**Assignment**
What you return should be only the lines in the entries below between the one holding "- Junior Womens" and the one holding "Snuff Bottle white", ends included, with every picture left out.

**Exercise inputs**
_ _ _ _ _
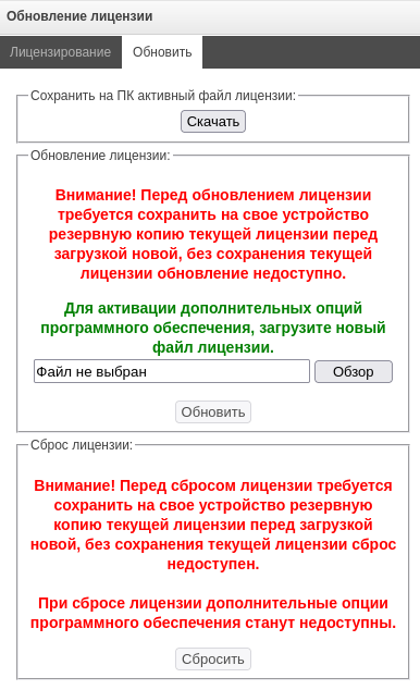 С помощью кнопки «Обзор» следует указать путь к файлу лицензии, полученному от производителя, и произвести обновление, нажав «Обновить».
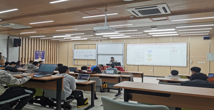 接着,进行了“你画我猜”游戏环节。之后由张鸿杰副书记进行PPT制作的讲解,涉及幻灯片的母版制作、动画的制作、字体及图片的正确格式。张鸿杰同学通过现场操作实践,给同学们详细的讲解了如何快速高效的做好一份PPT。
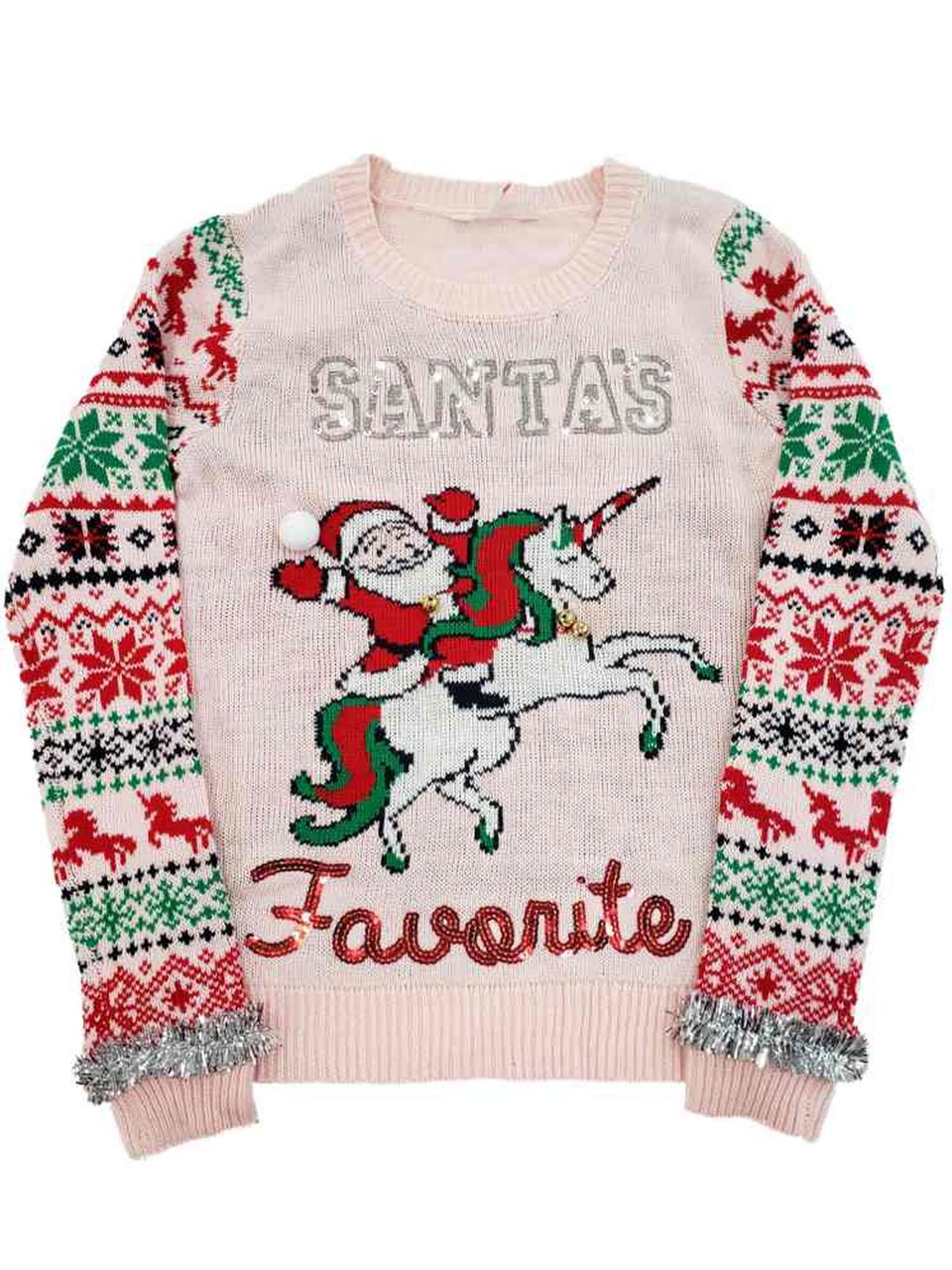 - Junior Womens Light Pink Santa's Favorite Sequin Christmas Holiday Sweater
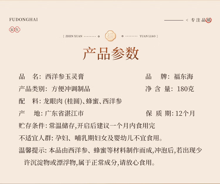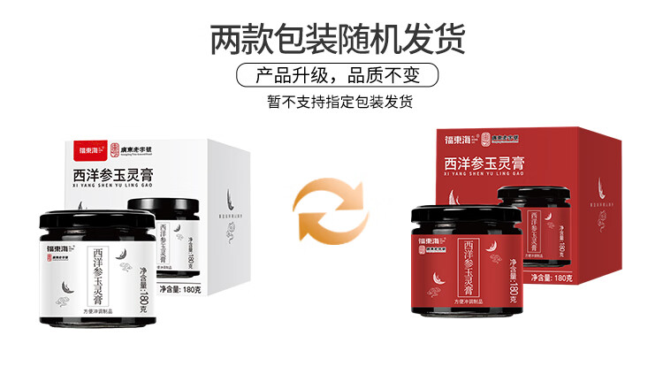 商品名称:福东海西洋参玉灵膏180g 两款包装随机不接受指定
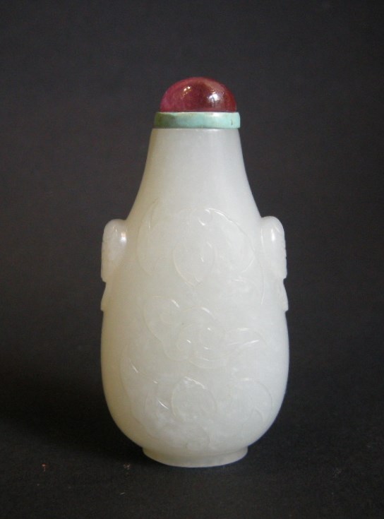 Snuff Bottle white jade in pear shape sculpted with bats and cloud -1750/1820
_ _ _ _ _
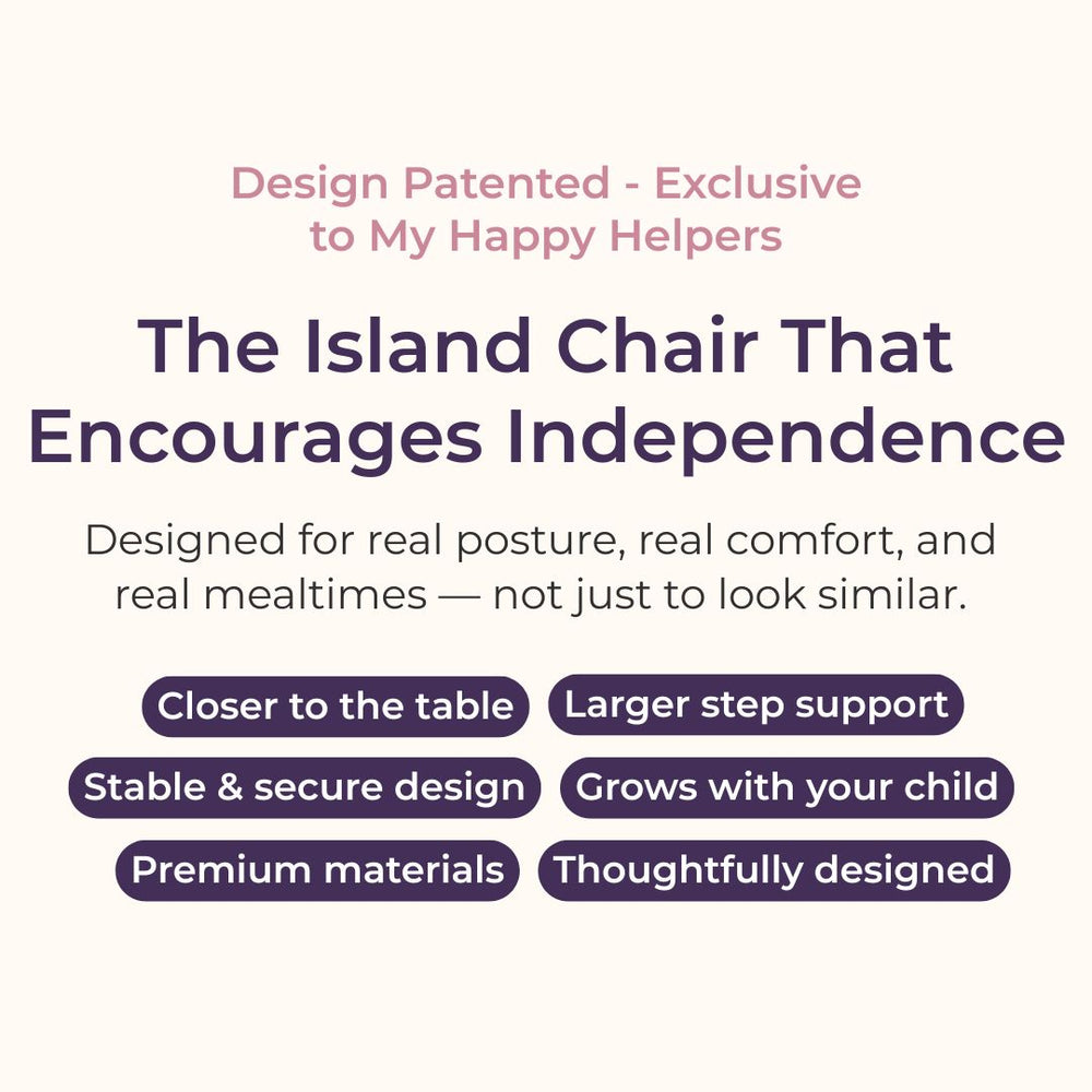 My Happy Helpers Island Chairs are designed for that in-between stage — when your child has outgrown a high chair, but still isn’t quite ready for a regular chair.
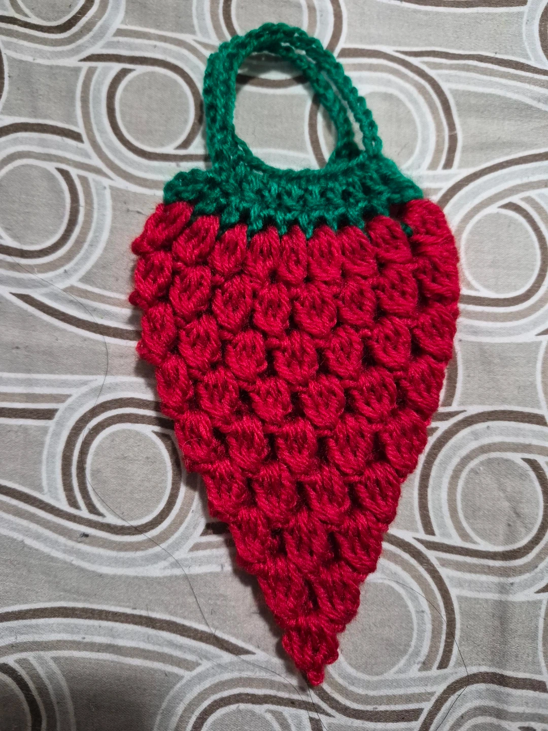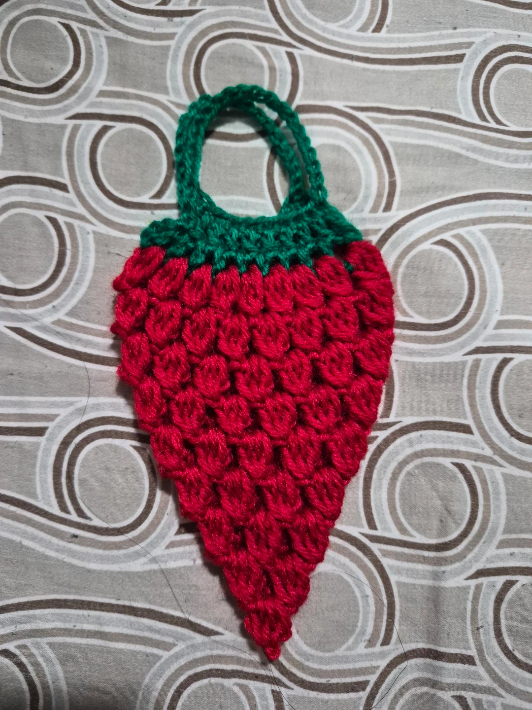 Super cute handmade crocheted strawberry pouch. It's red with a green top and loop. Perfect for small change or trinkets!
_ _ _ _ _
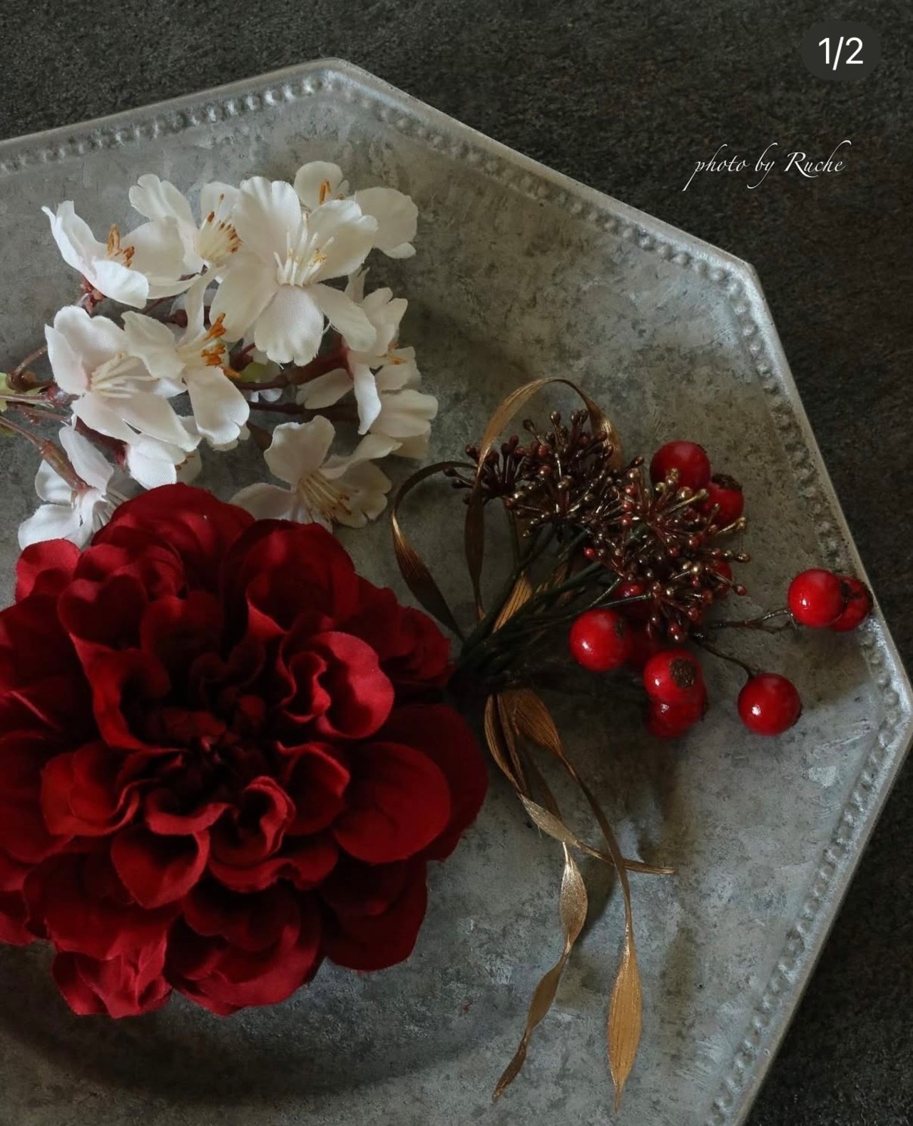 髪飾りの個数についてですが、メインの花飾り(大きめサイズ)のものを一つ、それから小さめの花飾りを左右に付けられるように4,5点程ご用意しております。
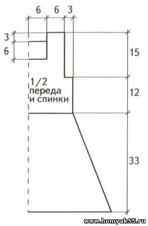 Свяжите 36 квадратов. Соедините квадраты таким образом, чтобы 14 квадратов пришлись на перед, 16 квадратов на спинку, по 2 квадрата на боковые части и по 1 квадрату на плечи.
_ _ _ _ _
**Your response**
 - Junior Womens Light Pink Santa's Favorite Sequin Christmas Holiday Sweater
 商品名称:福东海西洋参玉灵膏180g 两款包装随机不接受指定
 Snuff Bottle white jade in pear shape sculpted with bats and cloud -1750/1820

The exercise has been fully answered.